• _Exercise directions_
Transcribe, starting at the line with "昭和54年4月 久留米カントリークラブ広川ゴルフ場営業開始" and ending at the line with "UNA LARGA ESPERA.", every line of the material below exactly, but leave out the pictures and anything outside that span.

• _Records for processing_

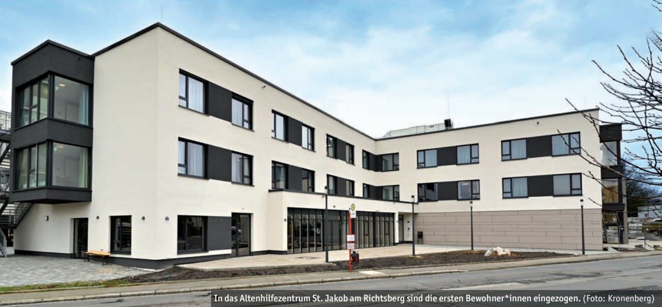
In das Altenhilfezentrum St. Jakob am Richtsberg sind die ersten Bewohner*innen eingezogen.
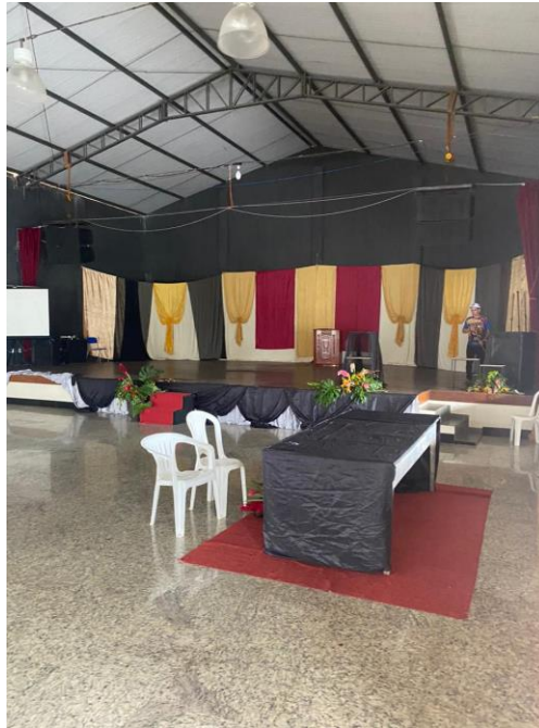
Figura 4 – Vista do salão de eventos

---

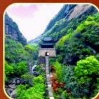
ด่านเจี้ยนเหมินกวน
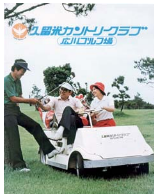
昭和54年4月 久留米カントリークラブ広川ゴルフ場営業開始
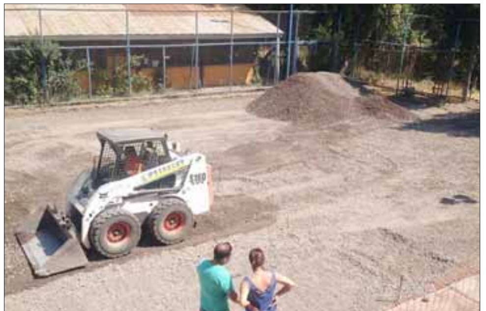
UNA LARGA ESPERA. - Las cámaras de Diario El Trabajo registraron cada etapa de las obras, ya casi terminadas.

• _Answer space_
昭和54年4月 久留米カントリークラブ広川ゴルフ場営業開始
UNA LARGA ESPERA. - Las cámaras de Diario El Trabajo registraron cada etapa de las obras, ya casi terminadas.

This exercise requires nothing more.